I called her. She chatted with me amiably, mostly about the weather and how the children were doing. When I asked how she was doing, she said that she had landed a contract with a postcard company in Porvoo for a six-card series: she had taken photographs of puppies and combined them with aphorisms about happiness, and the people in Porvoo had promised her that the ‘Happiness puppy’ series would go on sale in the fall in all post offices and kiosks.

I listened to this news and, sitting up on the edge of the bed, said:

‘They say that no one has ever lost any money by underestimating the audience.’

‘The grapes are sour anyway,’ Liisa said, still good-natured.

‘Some grapes are sour,’ I pointed out. Liisa said that she didn’t have time to chat about grapes — she had to hurry to eat with the people from Porvoo.

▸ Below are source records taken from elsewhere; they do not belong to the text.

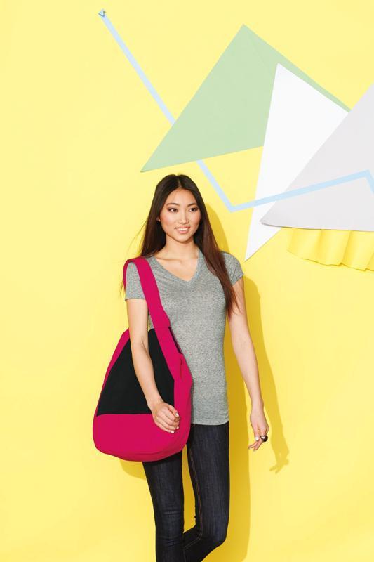 Bold color blocking and magnet snaps closure make this the coolest tote around.-
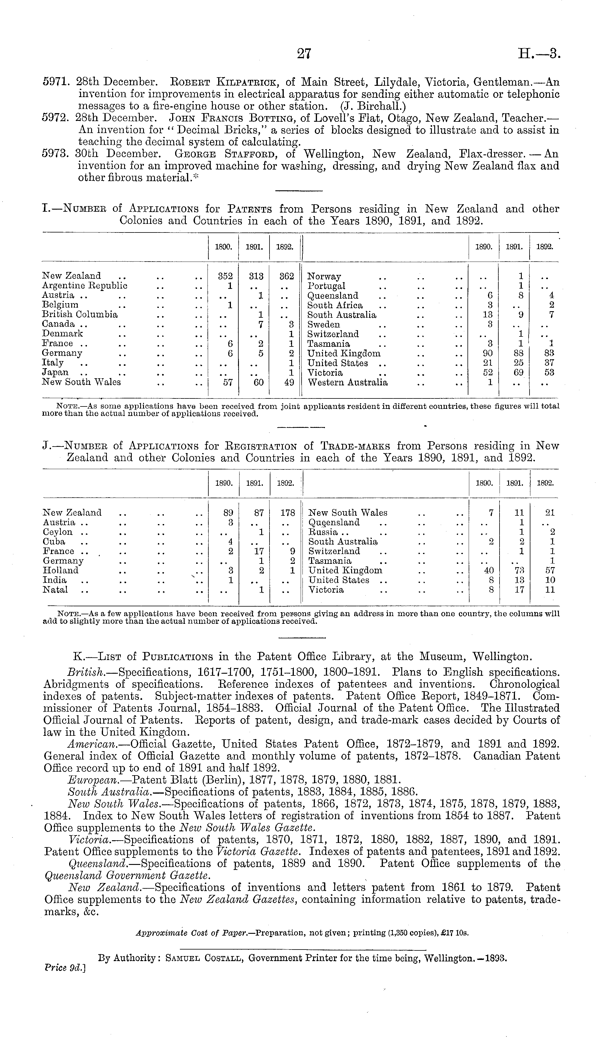X.—List of Publications in the Patent Office Library, at the Museum, Wellington. British.— Specifications, 1617-1700, 1751-1800, 1800-1891. Plans to English specifications. Abridgments of specifications. Reference indexes of patentees and inventions. Chronological indexes of patents. Subject-matter indexes of patents. Patent Office Keport, 1849-1871. Commissioner of Patents Journal, 1854-1883. Official Journal of the Patent Office. The Illustrated Official Journal of Patents. Eeports of patent, design, and trade-mark cases decided by Courts of law in the United Kingdom. American. —Official Gazette, United States Patent Office, 1872-1879, and 1891 and 1892. General index of Official Gazette and monthly volume of patents, 1872-1878. Canadian Patent Office record up to end of 1891 and half 1892. European.—Patent Blatt (Berlin), 1877, 1878, 1879, 1880, 1881. South Australia. —Specifications of patents, 1883, 1884, 1885, 1886. New South Wales.— Specifications of patents, 1866, 1872, 1873, 1874, 1875, 1878, 1879, 1883, 1884. Index to New South Wales letters of registration of inventions from 1854 to 1887. Patent Office supplements to the New South Wales Gazette. Victoria.— Specifications of patents, 1870, 1871, 1872, 1880, 1882, 1887, 1890, and 1891. Patent Office supplements to the Victoria Gazette. Indexes of patents and patentees, 1891 and 1892. Queensland. —Specifications of patents, 1889 and 1890. Patent Office supplements of the Queensland Government Gazette. New Zealand. —Specifications of inventions and letters patent from 1861 to 1879. Patent Office supplements to the New Zealand Gazettes, containing information relative to patents, trademarks, &c.
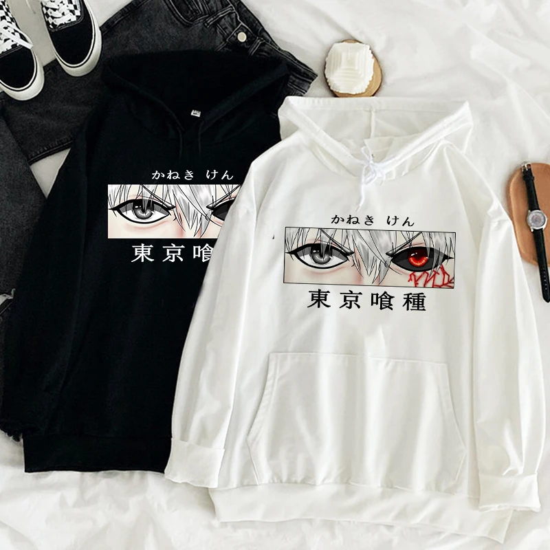 Толстовка с капюшоном в стиле японского аниме Kaneki Ken Eye, с принтом манги, свободная толстовка в стиле панк, Женская толстовка большого размера в стиле Харадзюку, уличная одежда
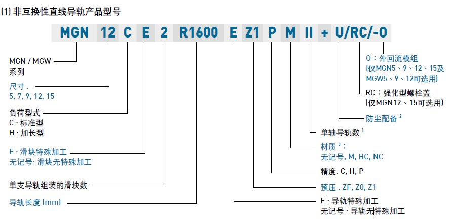 (1) 非互換性直線導軌產品型號
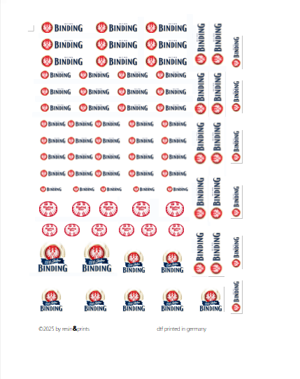 Binding-Bier Werbebeschriftungen für Fahrzeugmodelle und Dioramen und Anlagenbau
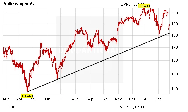 Die Volkswagen-Aktie geriet am Anfang der Handelswoche unter dir Räder. Grund war der Ausblick für das laufende Geschäftsjahr. Das Geschäftsjahr 2013 schlossen die Wolfsburger mit leichten Zuwächsen bei Umsatz und operativen Gewinn ab.
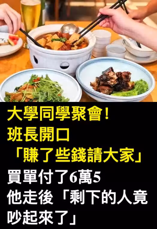 大學同學聚會!班長開口「賺了些錢請大家」:買單付了6萬5 他走後「剩下的人竟吵起來了」

For the rest of the evening, I composed the reports that I had to give about the use of the grant money in my head. I sat down at the table and wrote a draft on hotel stationery:

REPORT ON USE OF GRANT

More than one year ago we undertook the writing of a book entitled Happiness of the Finnish Man. As often happens with large projects, the topic took on a life of its own and focused as the work progressed. The final result of the work is the now complete multicultural art exhibition entitled Sexuality of the Danish Woman. Without the support of your foundation, we would never have been able to complete this ambitious enterprise.